Your answer must be the listing repeated word for word, without its pictures.

▶ _Source data_:
+ + + + +
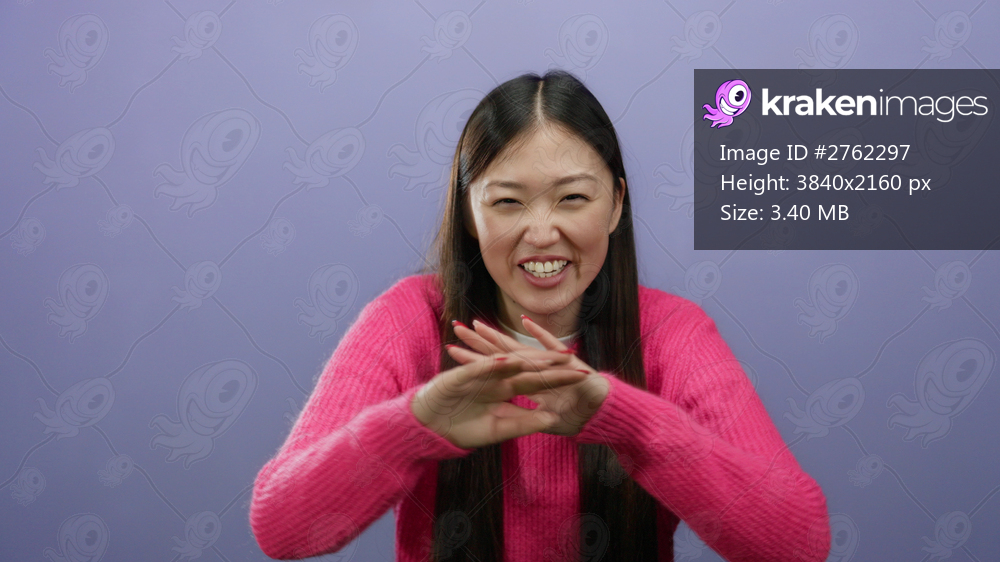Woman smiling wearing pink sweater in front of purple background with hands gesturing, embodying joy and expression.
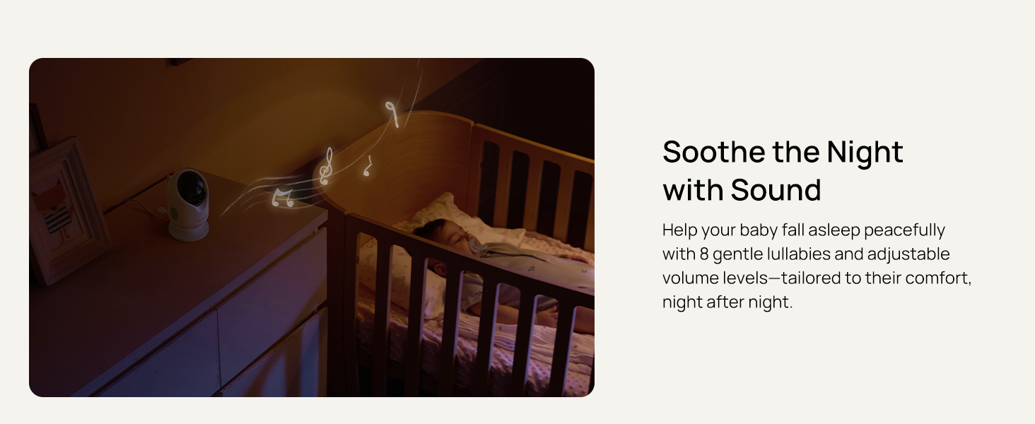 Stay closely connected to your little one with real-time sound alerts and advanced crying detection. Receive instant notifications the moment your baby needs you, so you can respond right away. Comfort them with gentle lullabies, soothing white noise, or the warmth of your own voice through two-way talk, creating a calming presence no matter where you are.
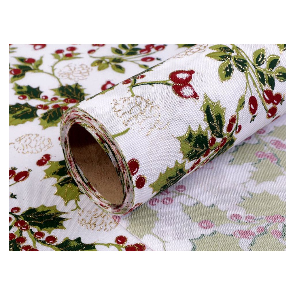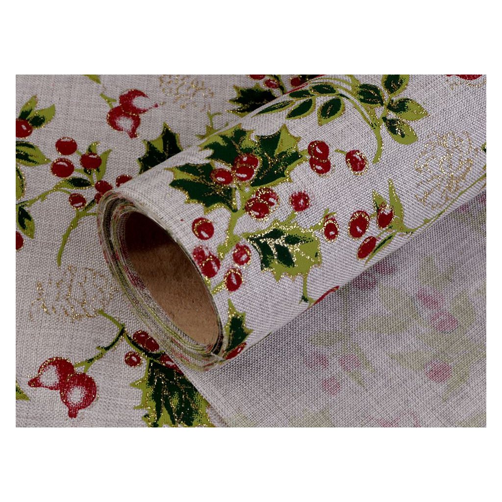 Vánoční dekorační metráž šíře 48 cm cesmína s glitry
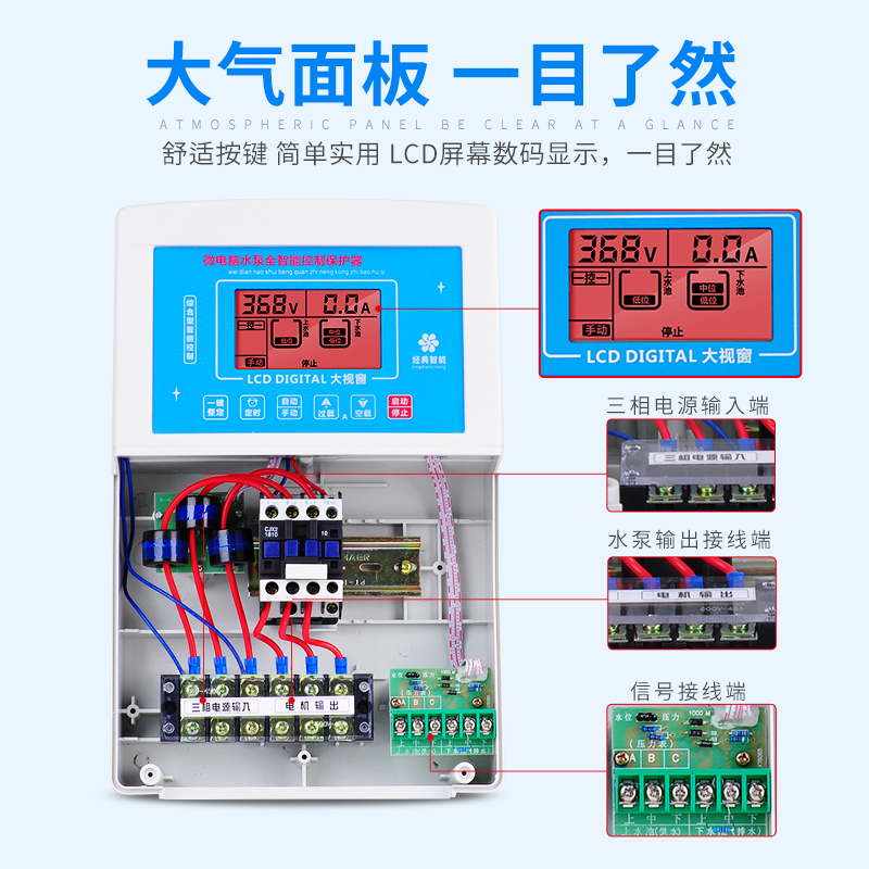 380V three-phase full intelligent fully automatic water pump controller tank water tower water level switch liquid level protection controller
+ + + + +
▶ _Answer to the exercise_:
Woman smiling wearing pink sweater in front of purple background with hands gesturing, embodying joy and expression.
 Stay closely connected to your little one with real-time sound alerts and advanced crying detection. Receive instant notifications the moment your baby needs you, so you can respond right away. Comfort them with gentle lullabies, soothing white noise, or the warmth of your own voice through two-way talk, creating a calming presence no matter where you are.
 Vánoční dekorační metráž šíře 48 cm cesmína s glitry
 380V three-phase full intelligent fully automatic water pump controller tank water tower water level switch liquid level protection controller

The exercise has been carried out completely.